1920s Mt.Everest Expedition

雑記

 3月からこっち、日付を追いつつ毎日サンディの日記再訳をしながら偶にイベント関連のことをまとめてみたりして、殆ど毎日ブログ記事を書き続けていた。

 日記が終わり、遠征も日々追い続けるような段階は終えたので、休みだった20日Surfaceを起こさず家の掃除をしたり本を読んだりとゆっくり過ごした。ちょっと腑抜けたような感もある。

 本当はやりたいことがあるので備忘を兼ねてメモ。

 

  • 日記序盤の記事に原文と補足を入れる。トップの記事から飛べる目次一覧のようなものをまとめる。
  • 調べ物関係で最近あったこと…マートンへの問合せ結果、ロープのこと、eBayで手に入れたもののまとめ。
  • 本のこと。山の怪談、エヴェレストの幽霊について書かれた和書がまた増えたこと!
  • SCPのエヴェレスト関係ネタのこと。
  • アルパインクラブの展覧のこと。

 

 …もっとあった気がするんだけどな。あとは完全に趣味振り切りのアウトプットも進めていきたいね~日記再訳中は全然進まなかったから…。

 泊登山も行きたいけど、お盆にかけて繁忙期なのと秋口に連休取りたい気もするので今年の夏山は見送りになりそう。冬山狙って行こうか…本当は冬繁忙期なのでちょっと心苦しいけど…などともやもや。間を取って山に初雪の降る頃に行くかも。

 

 そう、秋の計画。

 英本国のアルパインクラブによって、英国の第一次エヴェレスト遠征から百周年を記念した展覧 Everest: by 'Those Who Were There' が昨日から始まった。

 この展覧では20年代の遠征について一気に見ることができるし、当時の写真のみならず隊員たちの描いた絵や使用した装備、着ていた服…そしてサンディの日記が展示される。

 

 展覧の開催が告知された時、開催それ自体の歓びとあまりにも素晴らしいタイトル、そして2年前から続いている最悪と思えるタイミングでの儘ならない状況に泣いた。

 一応日本からイギリスへの観光ビザでの入国は5月下旬から解禁されているのだけど、まだ入国後と帰国後に10日間ずつの隔離期間が設けられるので、多少短縮する手があるにしてもまあ…きつい。
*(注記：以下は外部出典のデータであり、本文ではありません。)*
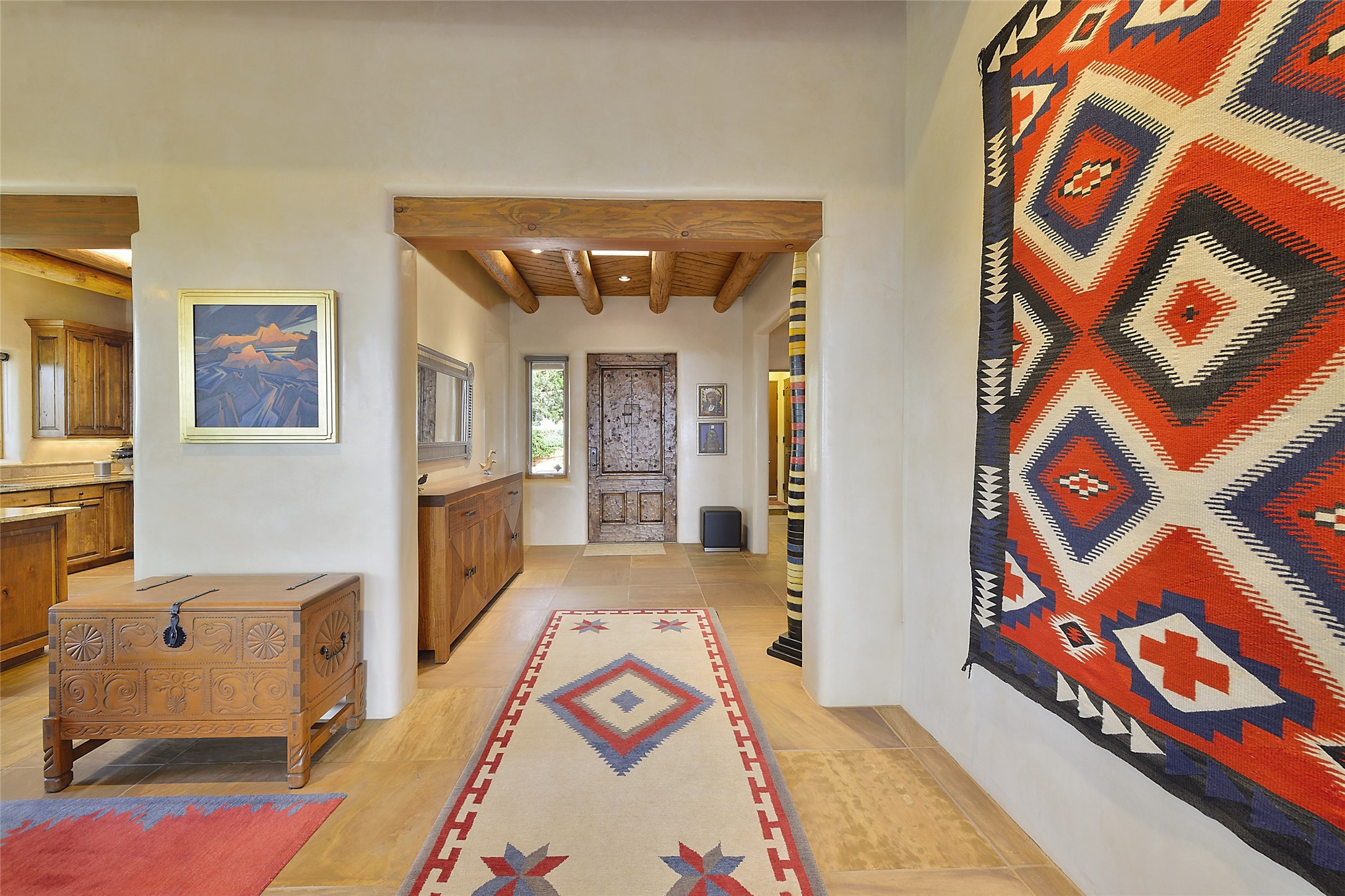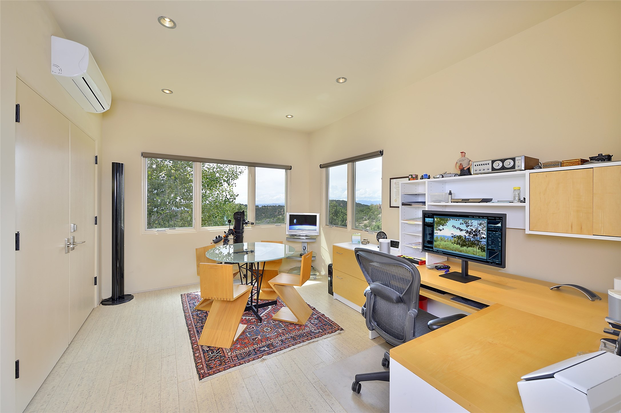 This is an exceptional offering in the gated and sought after High Summit. This compound estateconsists of a 3 Bedroom , 2.5 Bath main home built in 2009 and a 2 Bedroom, 2 Bath plus office/studioguest home completed in 2013. The homes are on a combined .7 acre lot and are nicely separated forprivacy with their own direct entry 2 car garages. The covered portals flow from the living spaces andoffer wonderful sunset views to the South and West. Upon entering you immediately notice the highend finishes and features such as nichos, vigas, stone floors and custom doors & cabinetry. The kitchensoffer all the conveniences with quality appliances and islands and bars for gathering and entertaining.Central forced air heating and air conditioning in the guest house and radiant in-floor heating andevaporative cooling in the main house keep things comfortable year-round. The grounds arewonderfully landscaped and planted featuring tall aspens, pinons and water features. This gatedcommunity with a sensible HOA is a stone's throw away from Ten Thousand waves and 12 miles toSanta Fe Ski Basin, yet only 5 miles away from the heart of downtown, Canyon road, restaurants and artgalleries.

 自分としては休職一ヶ月でもいいくらいなのだけど、その後絶対に針の筵に座ることになるし、流石に自分に非があるそれに耐えられるほど強くも図々しくもない。そもそも今の職場環境がとても安心して働ける状態ではなく、いっそもうこのタイミングで辞めてしまい、アルパインクラブの展示を見て…それと出来ればマートンアーカイブも訪れてから帰国、隔離が明けて11月から転職してしまおうかとも思っていた。

 

 ところがそれから数週間でちょっと状況が変わった。

 すっかり忘れ果てていたワーキングホリデーの存在を思い出したのだった。正直なところ難しいと思う、イギリスのビザは高倍率の抽選で当選しないと行けないから…でも行きたい、行きたくて仕方ない。2022-24年のビザを取って滞在できたら、第二次~第三次遠征の百周年記念に向けた動きを現地で経験できる。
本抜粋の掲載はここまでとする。